DATA Start Marker
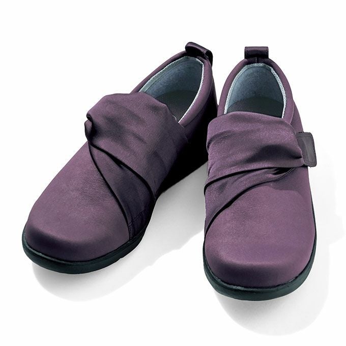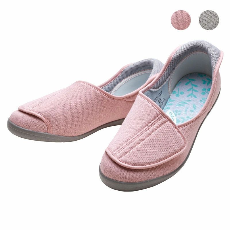 大きく開き踵のつまみで足入れらくらく。長い時間を室内で過ごすことが多い方の、足もとの安心安全、快適と健康のために。
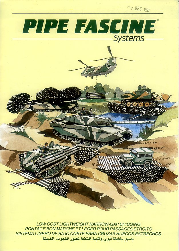 A 6 page brochure in mint condition for Pipe Fascine Systems, which were used for narrow-gap bridging for military applications. It is complete with a leaflet on forestry applications, dated 1991.
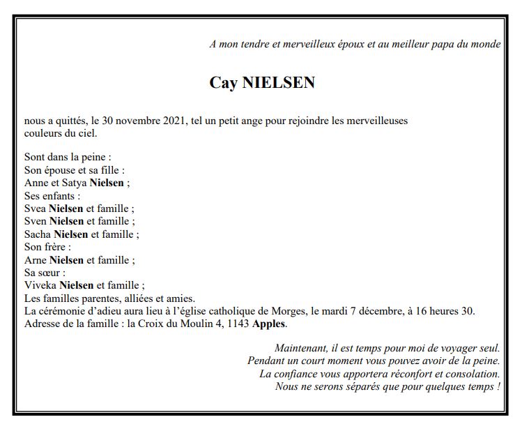 Cay NIELSEN 06 mar. 1949 - 30 nov. 2021 Avis mortuaire PFG Télecharger PDF Partager sur: Galerie PreviousNext PreviousNext
DATA End Marker
» EXERCISE REQUIREMENTS
Take the listing and print it again exactly, but without any pictures.

» ANSWER TO THIS PROBLEM
 大きく開き踵のつまみで足入れらくらく。長い時間を室内で過ごすことが多い方の、足もとの安心安全、快適と健康のために。
 A 6 page brochure in mint condition for Pipe Fascine Systems, which were used for narrow-gap bridging for military applications. It is complete with a leaflet on forestry applications, dated 1991.
 Cay NIELSEN 06 mar. 1949 - 30 nov. 2021 Avis mortuaire PFG Télecharger PDF Partager sur: Galerie PreviousNext PreviousNext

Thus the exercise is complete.